After the Aussie failed to get a lift from reasonably solid Chinese data yesterday, the next big question is how far will it fall before the buyers come back?
4. Bonds are selling off and it’s hurting stocks – global investors’ cash is at a 15-year high. US, German, and UK 10-year bond rates all rose overnight. The 30-year auction in the US wasn’t well supported. And the Bank of England was swamped with three times as many bonds being offered in its QE buying program as it needed.
It’s a continuation of this reversal in bonds which shows the moves in markets are about more than just the Fed and interest rates. Overnight, the release of a Bank of America survey of investors showed money managers raising cash holdings to 5.5%, their highest level in nearly 15 years, with a record number of respondents saying that stocks and bonds were “over-valued”.
Akin Oyedele reports Michael Hartnett, BAML’s chief investment strategist, said: “Investors see an unambiguous vulnerability to ‘bond shock’ among risk assets, with the most crowded negative interest trades and EM equities susceptible should the Fed and especially the BoJ fail to reduce bond volatility in September.”
Jonathan Garber discusses why bond yields could go even higher from here. Tin-foil hat time folks.
5. Oil is on the brink of another big crash. On Monday night OPEC said that its competitors, specifically US shale oil producers, are going to pump more oil into the end of this year and then again in 2017. Last night the IEA took the other side of that supply demand discussion and said the outlook for demand has deteriorated. So fears of the supply glut continuing are front and centre again. And some now fear crude oil prices are on the brink of another big crash.
And as if to underlie the point that an OPEC deal to cap production in Algiers at the end of the month may not achieve anything, we’ve got news that the Saudis have taken back the mantle from the US as the world’s biggest oil producer.

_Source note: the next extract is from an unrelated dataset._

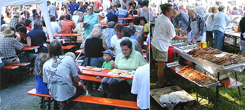550 fangfrische Forellen fanden Absatz Riesenandrang herrschte beim diesjährigen Seefest in Waldkatzenbach, bei dem auch wieder 550 fangfrische Forellen - geräuchert oder gebacken - reißenden Absatz fanden. (Fotos:Baumgartner)(tb) Zum 19. Seefest rund um den Katzenbuckelsee luden heute der Sportangelverein Katzenbuckelsee und die DLRG-Ortsgruppe Waldbrunn die Bevölkerung Waldbrunns und der näheren Umgebung ein. Herrliches Sommerwetter war in diesem Jahr dem Fest wieder beschieden. So freuten sich die Veranstalter, dass schon zum Start des Seefestes nach den Gottesdiensten sich die Bankreihen bis gegen Mittag auf dem zum Festplatz umfunktionierten Parkplatz am Katzenbuckelsee bis fast auf den sprichwörtlichen letzten Platz füllten. Glück hatte hier, wer rechtzeitig kam und einen Sitzplatz ergattern konnte. Reißenden Absatz bei dem Seefest, welches aus dem Waldbrunner Veranstaltungskalender nicht mehr wegzudenken ist, fanden die über Waldbrunns Grenzen hinaus bekannten guten fangfrischen Forellen, die gebacken oder geräuchert angeboten wurden. Rund 550 Stück hatten die Veranstalter in diesem Jahr binnen kürzester Zeit an den Mann bzw. die Frau gebracht. Auch für die Kinder war man bestens vorbereitet. So gab es für sie einen Luftballonwettbewerb, und natürlich war auch wieder die Hüpfburg aufgebaut. Mittags bot man zusätzlich noch Schlauchbootfahrten auf dem Katzenbuckelsee an.

6. Median household incomes in the US just surged for the first time since 2007. I like this story for three reasons. First, it’s great for US households. Second, it underlies that the US economy can continue to do well and be powered by jobs and consumption. And third, it reminds me what an amazing economy we live in here in Australia. Sure, wages growth is much slower than we’re used to, but wow compared to the US we are in clover.

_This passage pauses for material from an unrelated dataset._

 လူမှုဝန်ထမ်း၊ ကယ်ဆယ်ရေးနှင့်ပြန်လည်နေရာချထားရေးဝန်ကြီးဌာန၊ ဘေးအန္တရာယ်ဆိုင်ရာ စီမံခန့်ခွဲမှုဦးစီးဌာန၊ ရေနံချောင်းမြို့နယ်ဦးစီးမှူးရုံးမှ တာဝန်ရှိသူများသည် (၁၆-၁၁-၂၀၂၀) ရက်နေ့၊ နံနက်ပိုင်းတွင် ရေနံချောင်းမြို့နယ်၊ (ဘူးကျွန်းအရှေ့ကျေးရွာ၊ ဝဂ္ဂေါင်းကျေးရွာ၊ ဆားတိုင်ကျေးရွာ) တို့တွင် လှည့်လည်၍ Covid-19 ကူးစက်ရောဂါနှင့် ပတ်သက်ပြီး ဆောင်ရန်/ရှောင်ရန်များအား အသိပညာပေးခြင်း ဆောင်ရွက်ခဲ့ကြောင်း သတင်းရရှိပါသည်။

Key data for the past 24 hours (with thanks to BNZ markets)
NZ: Food price index (m/m%), Aug: 1.3 vs. -0.2 prev.
AU: NAB business conditions, Aug: 7 vs. 8 prev.
CH: Industrial production (y/y%), Aug: 6.3 vs. 6.2 exp.

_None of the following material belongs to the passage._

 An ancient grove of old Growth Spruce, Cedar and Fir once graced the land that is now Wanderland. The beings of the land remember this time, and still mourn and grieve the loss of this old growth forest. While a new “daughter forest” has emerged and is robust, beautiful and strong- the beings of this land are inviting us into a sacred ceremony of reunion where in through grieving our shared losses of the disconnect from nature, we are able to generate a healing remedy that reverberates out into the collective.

CH: Retail sales (y/y%), Aug: 10.6 vs. 10.2 exp.
CH: Fixed assets investment (y/y%), Aug: 8.1 vs. 7.9 exp.
UK: CPI (m/m%), Aug: 0.3 vs. 0.4 exp.
GE: ZEW survey expectations, Sep: 0.5 vs. 2.5 exp.
US: NFIB small business optim., Aug: 94.4 vs. 94.8 exp.
And now from CMC Markets’ Ric Spooner is today’s Stock of the Day
Domino’s Pizza (DMP: ASX)
It’s been a long time since this stock has broken below any meaningful chart support. However, it’s reached an interesting stage now.
Domino’s closed yesterday at $72, down from a peak of $80.69 about a month ago. It’s Forward Price: Earnings multiple has also been steadily falling. This peaked at around 69 times earnings in May but is now down to (a still stellar) 52 times.
All this sees, the share price testing the support of a steep trend channel. If we are going to see a deeper stock market correction in advance of a Fed rate hike, market darling stocks like this might be a bit vulnerable.
If Domino’s does happen to break support, those waiting patiently to buy into this great growth story might be rewarded with an opportunity. Possibilities might include the 50% retracement and 200 day moving average around $64.50 or the 61.8% retracement and previous highs around $61. An initial bounce off the 38.2% retracement at $68.40 might also be something to look out for.